みなさん、こんにちは
日中は暑くとも、日が陰ると過ごしやすい気候になってきました。先月末には当地の花輪ばやしも2日目興行を中止に追い込まれるような土砂崩れも危惧される程の豪雨もありましたが、これからが本格的な台風シーズンになります。今月からは日中に30℃を越えても、TVでは暖房器具やスタッドレス・タイヤのCMも始まってしまいます。まぁ毎年の事なんですけど、「これから寒くなる一方・・・」って考えると、まだ半袖の気候であるにもかかわらず、やるせない心持になってしまいます。

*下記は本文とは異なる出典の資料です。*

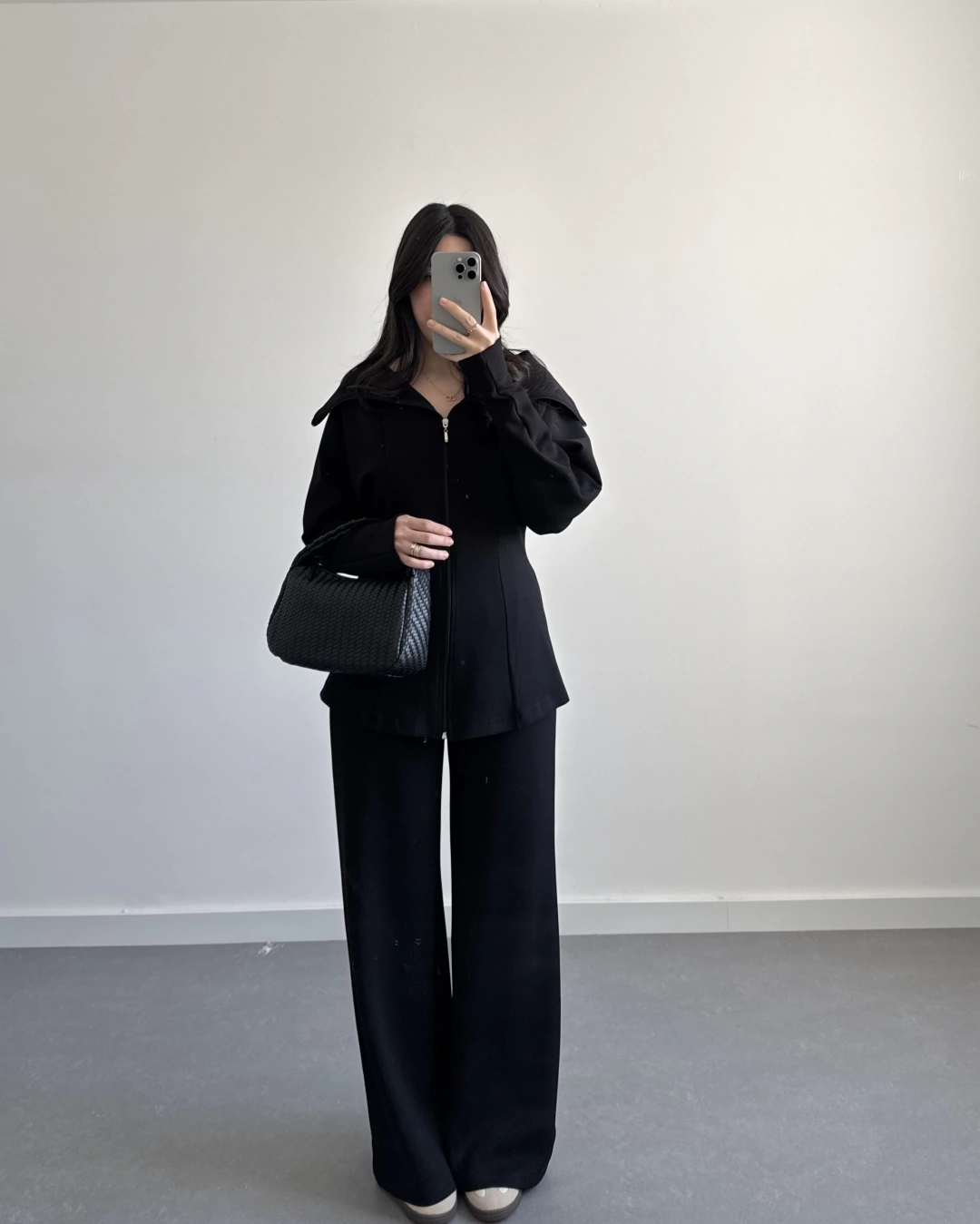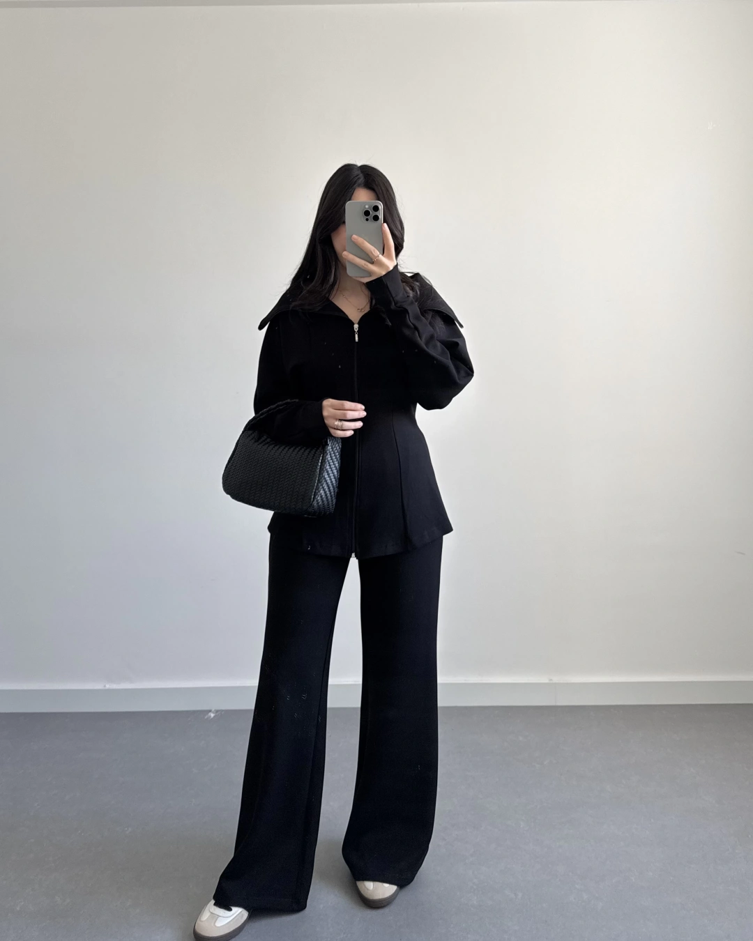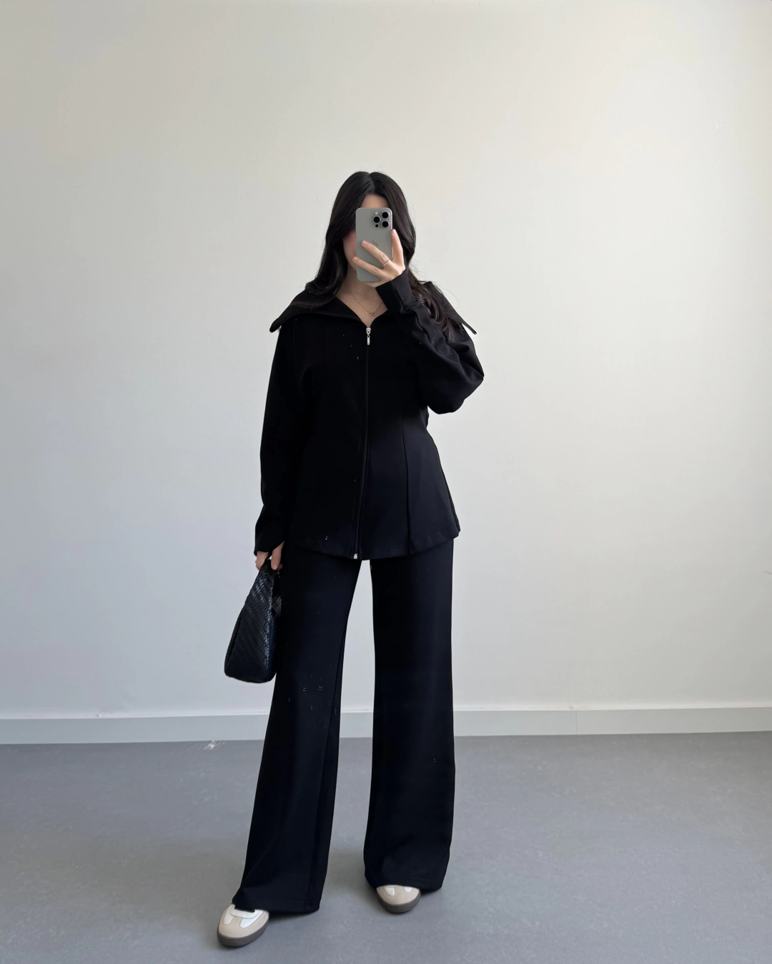 SİYAH BELİ KUŞAKLI PİLELİ MODAL TAKIM

さて外来中心の産婦人科診療所には今までの本稿でも幾度となくお話ししてきましたように、「生理痛がきつい」「生理の量が多い」「生理以外の出血がある」「生理前の体調がすぐれない」など、生命危機には及びませんが生活の質を落とす症状で来院される方が多くいらっしゃいます。それらの症状に対して、最初は自費診療の避妊薬として1999年に、そして約10年後の2008年に月経困難症に対する保険診療のお薬として低用量ピルが発売されました。致し方ないところもあるのですが「ピル=避妊薬」ということで、服用される方はセクシャル=アクティビティーが高いと邪推されたこともあり、発売当初は日本という土壌ではなかなかすんなりとは受け入れられませんでした。しかし避妊ということよりも「保険が使える生理を軽くする薬」ということで徐々に受け入れられ、さらにコロナ禍におけるオンライン診療の浸透により発売四半世紀で市民権を得たのではないかと感じています。でも万人に100%効く薬はないように、低用量ピルの効果は期待できるのですが、一部の方には処方できない・薬が合わないという事例もないわけではありません。そのような方に光明になりうる薬剤が最近発売されましたので、簡単に紹介させていただきます。
① アリッサ配合錠Ⓡ:低用量ピル
本来「ピル」という単語は辞書を引くと「錠剤」という意味ですが、本邦では「避妊薬」とか「女性ホルモン剤」として認識されています。実際のピルは卵巣から分泌される卵胞ホルモン(エストロゲン)と黄体ホルモン(プロゲステロン)が1錠に配合されている薬です。昨年末まで本邦で販売されている低用量ピルはエストロゲンとしてすべてエチニルエストラジオールという合成卵胞ホルモンが使用されており、その合成卵胞ホルモンの量と併用される黄体ホルモンによって、それぞれの製剤の特徴を出しています。しかし昨年末発売されたアリッサⓇという低用量ピルは、卵胞ホルモンとしてエチニルエストラジオールではない卵胞ホルモンを含有した初めての低用量ピルになります。生体内に存在する卵胞ホルモンには構造の違いからE1~E4までの4種類があり、従来使用されていたエチニルエストラジオールは合成されたE2(エストラジオール)です。一方今回発売されたアリッサⓇには卵胞ホルモンとして、天然型のE4(エステトロール)が含有されています。エステトロールは本来胎児の肝臓で生成され妊娠中の母体にも認められるホルモンであり、合成されたE2と異なり血管への影響が少なく、子宮・卵巣に選択的に作用することから、ピルの重要な副作用である静脈血栓症の発症リスクを軽減することが期待されています。
② スリンダ錠Ⓡ
先述しましたように低用量ピルの重要な副作用として血栓症があります。合成エストロゲンが血管に及ぼす影響のため、血栓症を発症するリスクが高いと考えられる方~~①40歳以上で初めてピルを始める方・②喫煙者・③片頭痛がある、また④母乳移行の恐れのある授乳婦さん~~などにはピルの処方は概ね禁忌となっており、一部のピルが必要な患者さんに届けることができないという忸怩ある思いがありました。最近発売されたスリンダⓇは「ミニピル」とか「POP(Progestin
Only Pill)」と言われているもので、ピルを構成する2種類の女性ホルモンのうち黄体ホルモン単剤からなる製剤です。黄体ホルモン製剤のもつ子宮頚管粘液の粘りの増加・排卵の抑制・着床先の子宮内膜を薄くする作用に加え、自身の卵巣から分泌される卵胞ホルモンと強調して、避妊効果を発揮します。黄体ホルモン単剤ということもあり、上記①~④の従来のピルが禁忌となる方にも服薬できることは光明になります。ただスリンダⓇはあくまでも避妊にのみ適応があり保険診療扱いにはならないこと、一般の低用量ピルに比べ不正出血の頻度が高いことに留意する必要があります。
以上最近発売された2製剤についてお話ししました。わずか2製剤だけと思われるかもしれませんが、私たちの日常診療にとっては、より裾野が広がった感があります。自身の症状とライフスタイルにフィットした薬剤をかかりつけ医と相談しながら選択していただきたいものです(2025.9.1)。